§ **WORK ORDER**
Find the line that contains "ประกาศเลื่อนการสอบแข่งขันวิชาการ ระดับนานาชาติ ประจำปี" in the entries below. Restate it and every line after it, word for word, with no pictures.

***** INPUT DATA

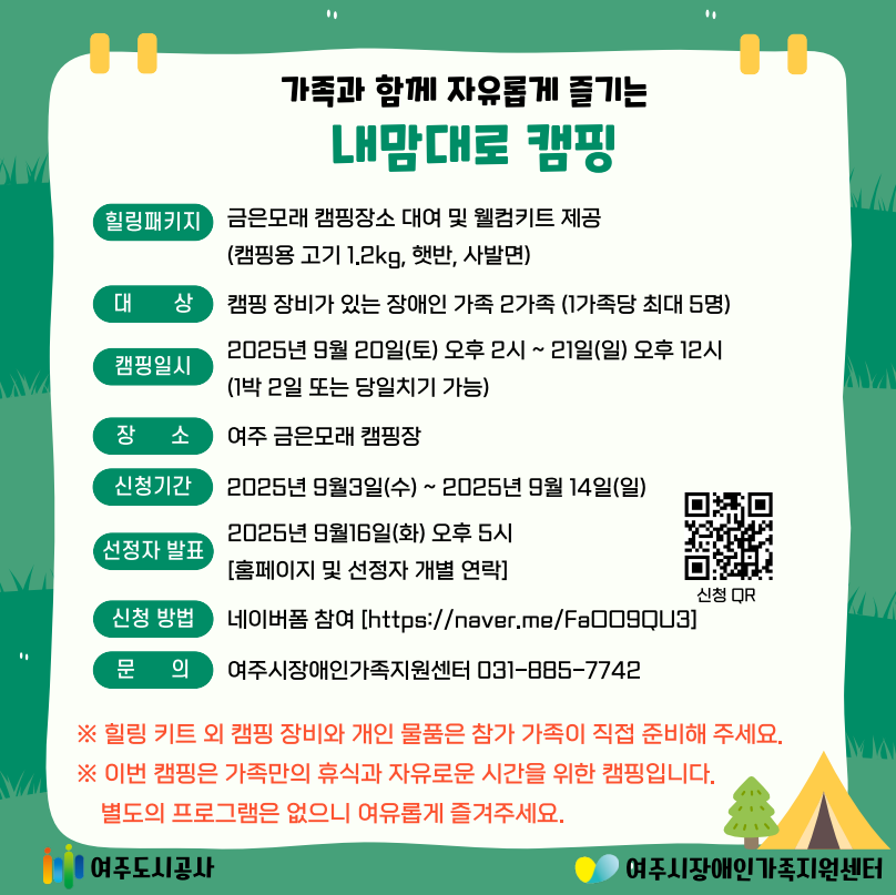 2025³â °¡Á·°ú ÇÔ²² ÀÚÀ¯·Ó°Ô Áñ±â´Â¡¸³»¸¾´ë·Î Ä·ÇΡ¹Âü¿©ÀÚ ¸ðÁý¾È³» (¿©ÁÖ½ÃÀå¾ÖÀΰ¡Á·Áö¿ø¼¾ÅÍ)
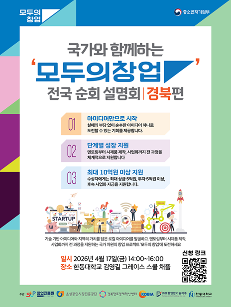 아울러 2026년 4월 17일(금) 한동대학교 그레이스채플에서 「모두의 창업 프로젝트」 경북권 지역설명회가 진행될 예정이며, 사업에 대한 보다 자세한 설명과 관계자 안내가 이루어질 예정이오니 많은 관심과 참여를 부탁드립니다.
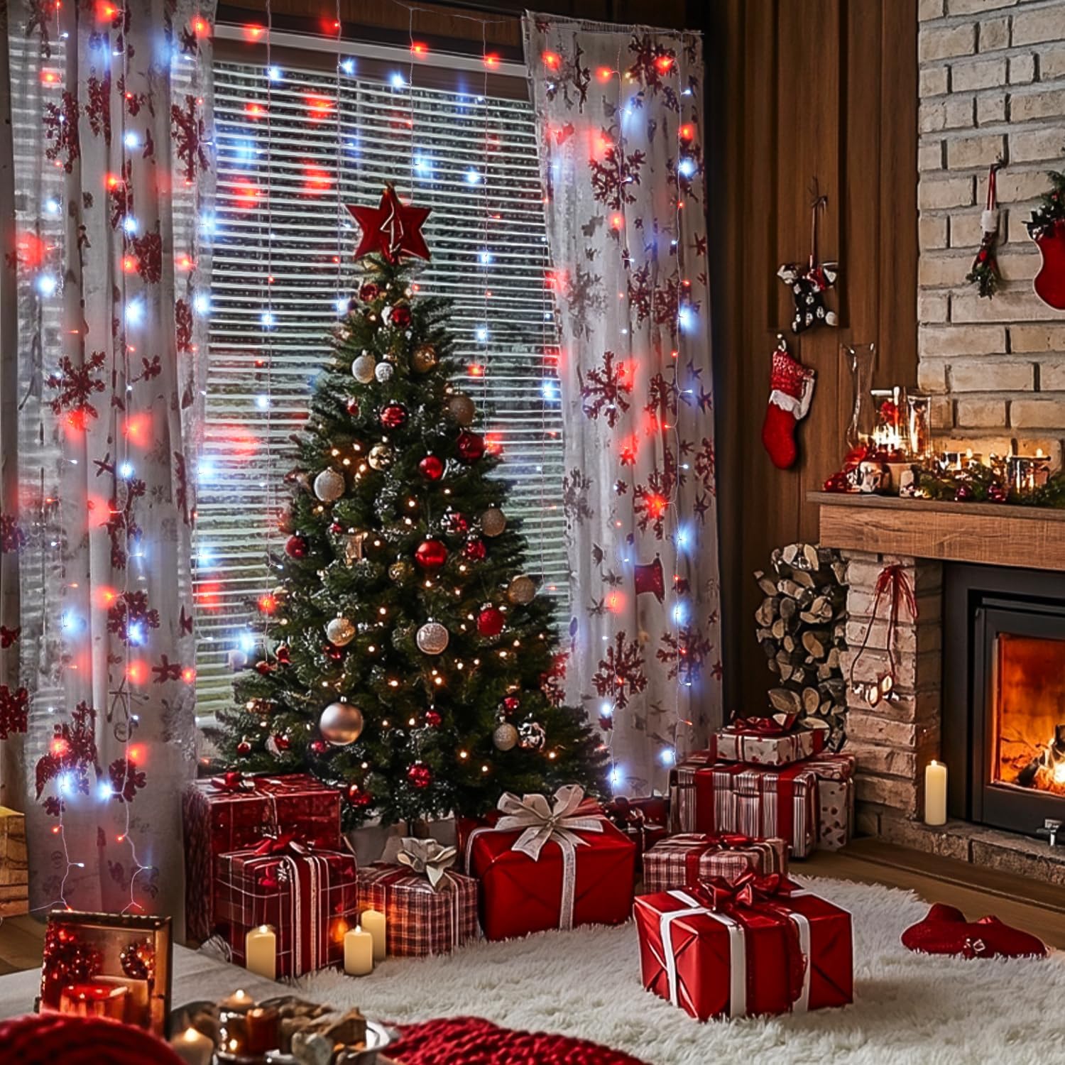 • 9.8X9.8FT RED AND WHITE CHRISTMAS CURTAIN LIGHTS - Add wonderful decorations to your Christmas event with the 300LED red and white curtain lights (UNCONNECTABLE). It comes with 10 light strands, each containing 30 pcs of LED lights. The width and height of 9.84 feet make it sufficient to cover most windows and walls for a larger light display. It gives off a glow and adds a great festival ambiance to your Christmas decorations
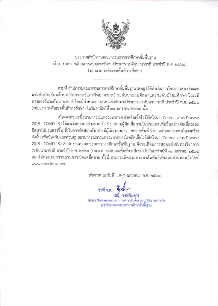 ประกาศเลื่อนการสอบแข่งขันวิชาการ ระดับนานาชาติ ประจำปี พ.ศ. 2564 (รอบแรก ระดับเขตพื้นที่การศึกษา)
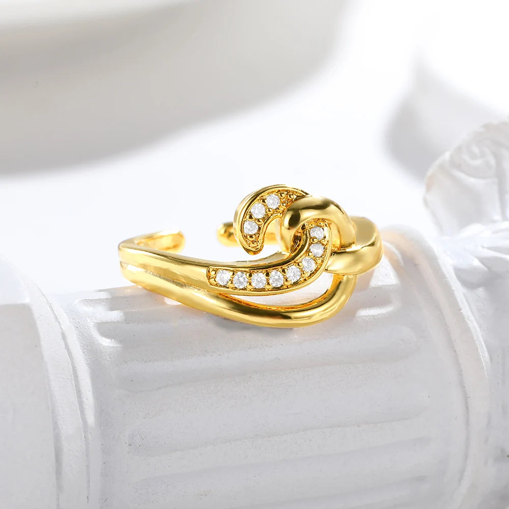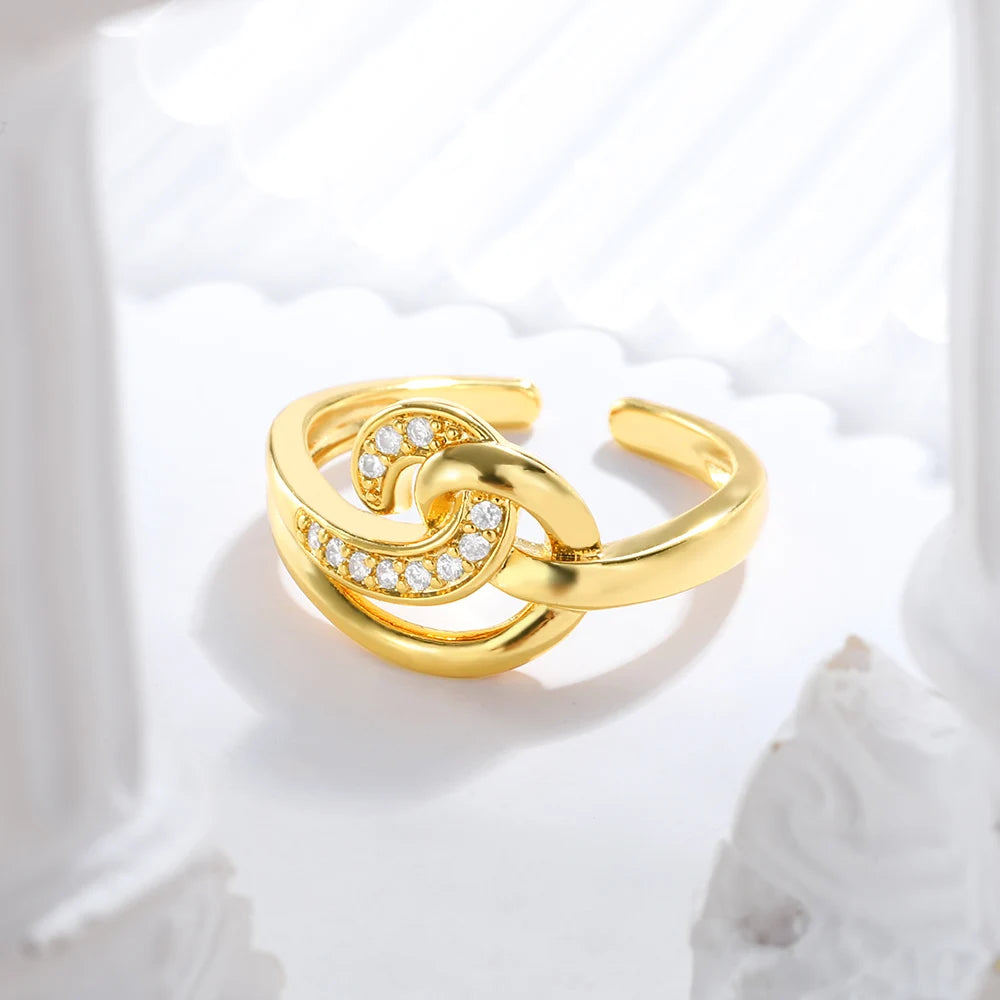 Luxury Zircon Rings for Women Opening Adjustable Stainless Steel Ring Engagement Wedding Jewelry Fashion Girlfriend Gifts

**********

§ **REPLY TO THE TASK**
 ประกาศเลื่อนการสอบแข่งขันวิชาการ ระดับนานาชาติ ประจำปี พ.ศ. 2564 (รอบแรก ระดับเขตพื้นที่การศึกษา)
 Luxury Zircon Rings for Women Opening Adjustable Stainless Steel Ring Engagement Wedding Jewelry Fashion Girlfriend Gifts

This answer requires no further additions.